Hi all, I'm currently studying the amazing Calculus by Spivak. Whenever I study textbooks I always attempt to do all the examples and proofs in the text before looking at the answers.

(Whether this is a good thing or a bad thing I don't know, the examples are similar to the easy to moderate problems in exercise books and are never challenging, but I find it difficult to do it any other way, I'm like the child who refuses to be shown how to undo the knot, I want to work it out for myself.)

One of the proofs I did looked different to that which Spivak provided and I'd like to know if it's still correct.


2. Homework Equations

The theorems used were:
a + (-a) = (-a) + a = 0
a(bc) = (ab)c
a(1) = (1)a = a
a(b + c) = ab + ac
a(0) = 0

Spivak used the first, fourth and fifth theorems and I used the second and third.
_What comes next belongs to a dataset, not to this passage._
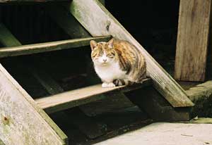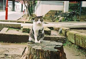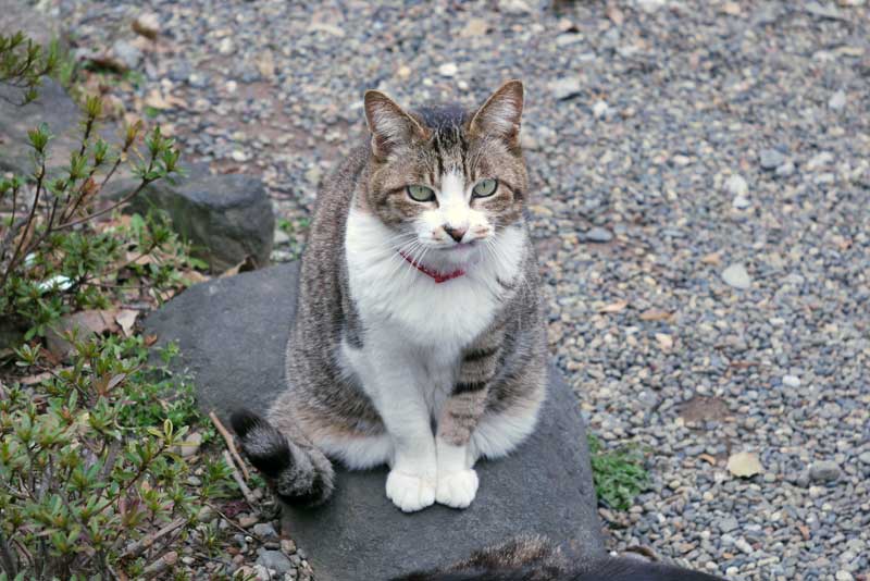 50mmレンズは、GF1に付けると100mmの画角になる。ちょうど境内の池に飛来したアオサギと、この宮に居着いた猫を狙った。100mmの画角は、こういう被写体に最適である。

The proof was of (-a)b = -(ab)

Spivak's was:
(-a)b + (ab) = (a + (-a))b
(-a)b + (ab) = (0)b
(-a)b + (ab) = 0
(-a)b + (ab) + (-(ab)) = 0 + (-(ab))

Therefore (-a)b = -(ab)

The Attempt at a Solution

My solution was:

(-a)b = (-1a)b
= -1(ab)
= -(1(ab))
= -(ab)

Any feedback would be greatly appreciated.

Regards, Travis.

 

[fresh_42]

Where have you shown, that $-a = -1a$ for the first line? All you have for $-1$ is that $1 + (-1)=0$. Otherwise, $-1a$ isn't defined yet.

 

[Nerd-ho]

Thanks @fresh_42

I see my mistake, I would need to use the theorem in order to prove it's own validity.